В этом смысле и можно говорить о ней как о жанре новом. Её новизна не в способности познавания, которую она разделяет со всей литературой; не в большей, чем когда-либо, связи с наукой – вспомним художников Ренессанса, которые достигли такой гармонии в сочетании научного и художественного мышления, о какой и не снилось большинству современных писателей; и, наконец, не в факте якобы исключительной роли науки в жизни общества – она сравнима, скажем, с ролью астрономии и строительной техники в жизни древнего Египта. Специфика НФ – в её связи с современным рациональным пониманием мира.

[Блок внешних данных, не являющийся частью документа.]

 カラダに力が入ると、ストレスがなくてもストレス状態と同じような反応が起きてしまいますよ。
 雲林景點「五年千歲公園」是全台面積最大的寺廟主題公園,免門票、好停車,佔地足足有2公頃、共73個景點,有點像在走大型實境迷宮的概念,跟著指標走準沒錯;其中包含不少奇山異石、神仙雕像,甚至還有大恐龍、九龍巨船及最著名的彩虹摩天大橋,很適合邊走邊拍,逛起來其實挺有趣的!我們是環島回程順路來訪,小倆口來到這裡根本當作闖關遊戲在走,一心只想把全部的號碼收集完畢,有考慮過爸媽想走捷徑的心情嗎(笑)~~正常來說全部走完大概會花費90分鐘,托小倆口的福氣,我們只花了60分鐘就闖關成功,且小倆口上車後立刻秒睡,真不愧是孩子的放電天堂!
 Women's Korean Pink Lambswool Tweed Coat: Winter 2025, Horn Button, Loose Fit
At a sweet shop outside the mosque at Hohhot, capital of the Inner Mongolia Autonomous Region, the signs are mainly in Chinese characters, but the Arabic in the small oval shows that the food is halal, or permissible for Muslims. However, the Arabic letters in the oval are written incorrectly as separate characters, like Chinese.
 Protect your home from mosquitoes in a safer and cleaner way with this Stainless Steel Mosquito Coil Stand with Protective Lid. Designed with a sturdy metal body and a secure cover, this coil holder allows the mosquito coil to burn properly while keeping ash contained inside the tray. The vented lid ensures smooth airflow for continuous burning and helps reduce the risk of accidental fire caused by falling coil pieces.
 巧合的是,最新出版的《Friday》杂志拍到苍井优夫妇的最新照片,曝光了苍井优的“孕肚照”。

Обратимся к примеру. Очень много книг НФ рассказывает о воображаемых диктатурах. О том же говорится в романах В. Набокова «Приглашение на казнь» и «Под знаком незаконнорожденных». Но если авторы НФ стараются придать своим мирам видимость «эмпирического правдоподобия», подчёркивая их зависимость от «реальных» явлений и законов, то Набоков даёт нам ничем, кроме неё самой, не мотивированную картину несуществующего мира (нам самим предоставлено найти её связи с реальностью – если мы этого пожелаем). Точно так же порывают с эмпирическим объяснением книги Борхеса, Эрнста Юнгера, Буццати или Беккета. В этом проявляется принципиально иная функция их фантастики по сравнению с НФ. Ибо рациональное объяснение необычного даёт этому необычному шанс эмпирической реализации, превращает в неосуществившийся или ещё неосуществлённый вариант, в альтернативу реальности. В конечном итоге, все произведения НФ строятся как ответы на вопрос: «Что было бы, если...?» (к этому вопросу можно свести и три «гамбита» НФ по И. Азимову: «Что, если?», «Хорошо, если бы» и «Что, если это будет продолжаться?»).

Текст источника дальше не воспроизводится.